FOOTHILL RANCH, Calif., May 11, 2021 (GLOBE NEWSWIRE) — Kaiser Aluminum Corporation (Nasdaq:KALU) announced today that it has priced $550.0 million aggregate principal amount of 4.50% senior notes due 2031 (the “notes”) in a private transaction that is exempt from the registration requirements of the Securities Act of 1933 (the “Act”), an increase of $50.0 million over its previously announced offering size.

The notes will be guaranteed by each of Kaiser Aluminum’s existing and future domestic subsidiaries that is a borrower or guarantor under Kaiser Aluminum’s revolving credit facility. The consummation of the offering of the notes is expected to be completed on May 20, 2021, subject to customary closing conditions.
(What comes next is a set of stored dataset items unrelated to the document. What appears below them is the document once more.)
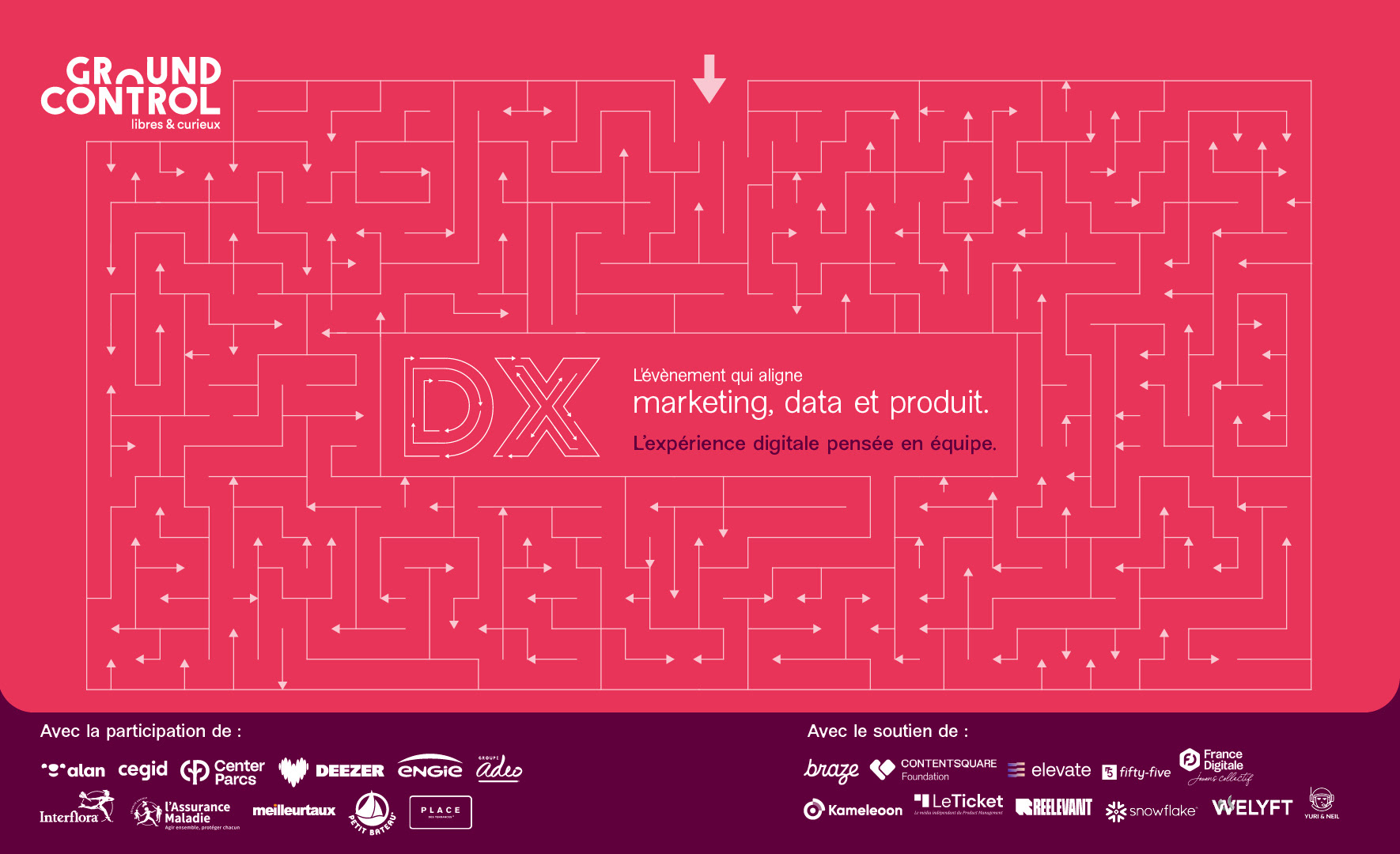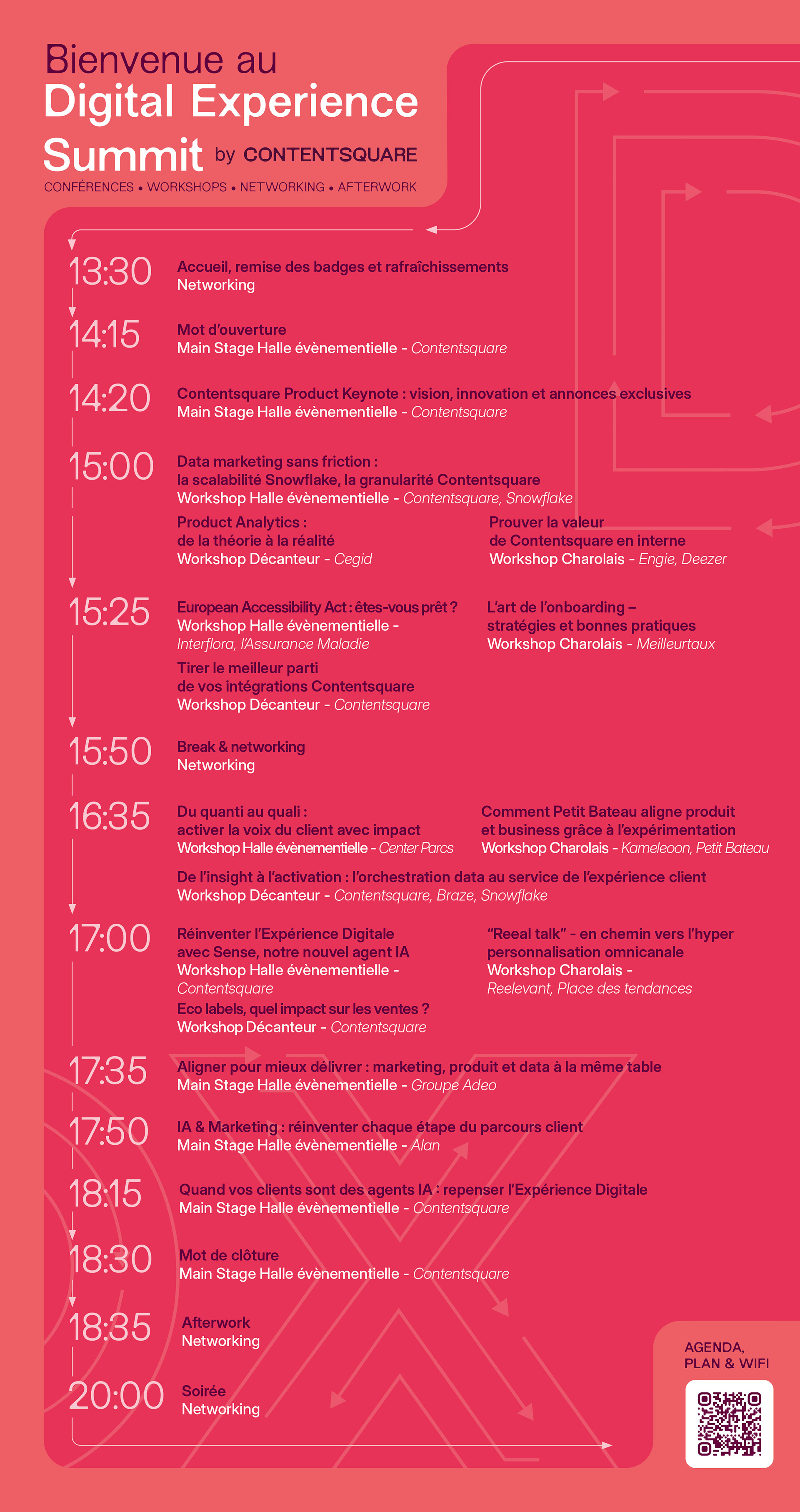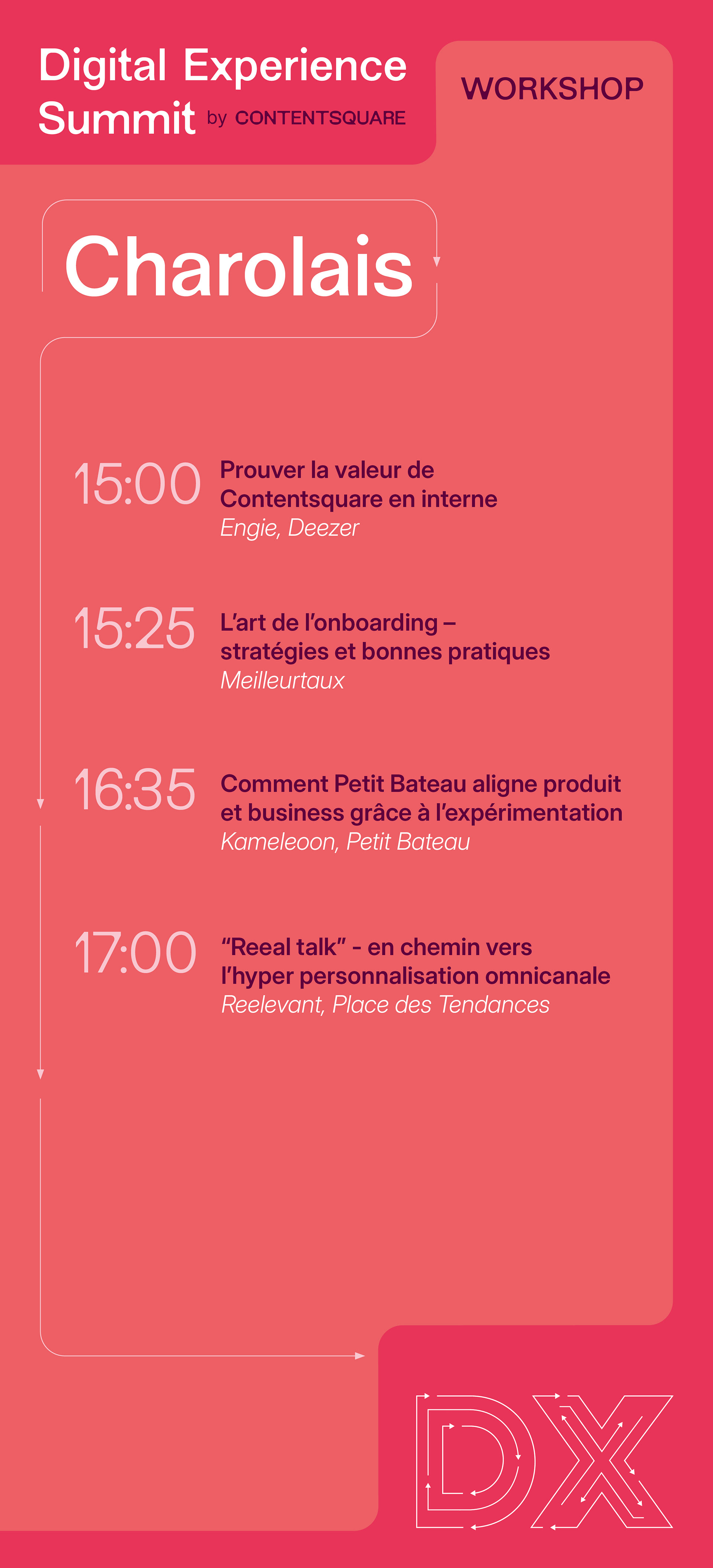 "Le Digital Experience Summit 2025, organisé par Contentsquare à Ground Control (Paris), était un événement phare dédié à l’innovation digitale, réunissant plus de 550 professionnels autour de thèmes comme l’IA, la personnalisation et l’accessibilité. Mon rôle ? Donner une identité visuelle forte et cohérente à cette expérience, en collaboration avec l’agence Cocotte Communication, pour que chaque détail reflète l’ambition et les valeurs de l’événement."
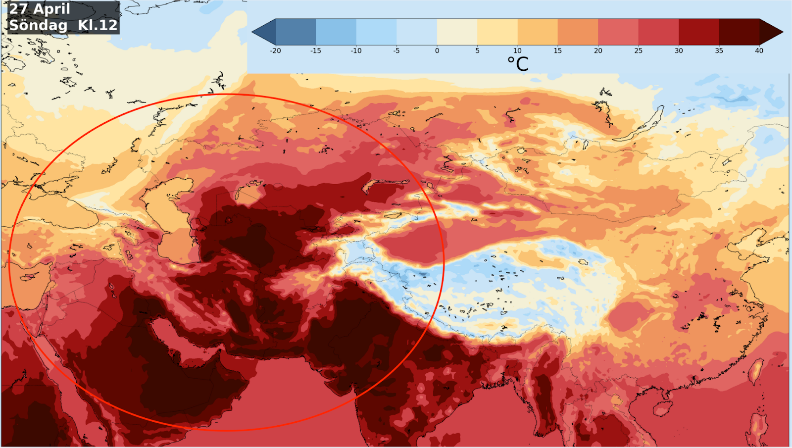 - Afghanistan (Zabol): 44,7 °C – station vid gränsen mot Iran mätte nytt rekord för april.
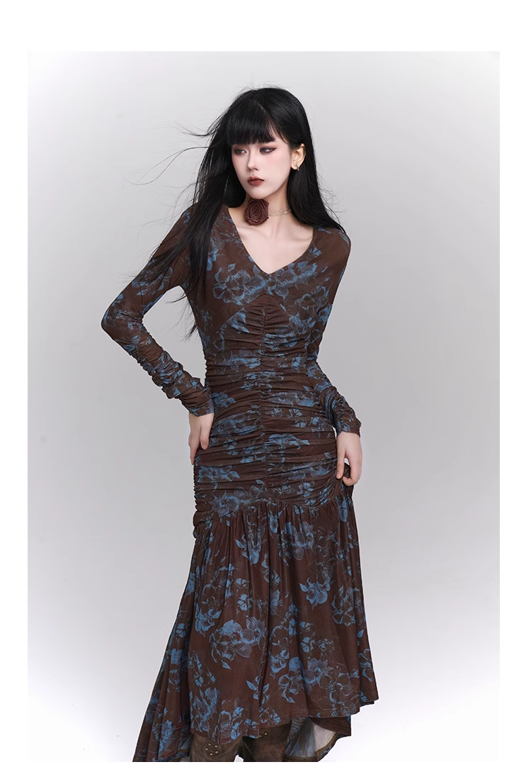 New Fashion Design Floral Pattern Women Long-sleeved Dress TP2946

Kaiser Aluminum intends to use the net proceeds from the offering of the notes to redeem all $350 million aggregate principal amount of Kaiser Aluminum’s existing 6.500% senior notes due 2025 (the “2025 notes”), and for general corporate purposes, which may include, among other things, capital spending and acquisitions.

As previously announced, on May 11, 2021, Kaiser Aluminum provided conditional notice of its intent to redeem the 2025 notes on May 21, 2021, subject to the satisfaction of certain conditions. This press release does not constitute a notice of redemption with respect to the 2025 notes.

The notes and the related guarantees have not been and will not be registered under the Act or the securities laws of any other place and may not be offered or sold in the United States absent registration or an applicable exemption therefrom. The notes will be offered only to persons reasonably believed to be qualified institutional buyers under Rule 144A and to non-U.S. persons outside the United States under Regulation S.

This press release does not constitute an offer to sell or a solicitation of an offer to buy the securities, and shall not constitute an offer, solicitation or sale of any securities in any jurisdiction in which such offer, solicitation or sale would be unlawful. This notice is being issued pursuant to and in accordance with Rule 135c under the Act.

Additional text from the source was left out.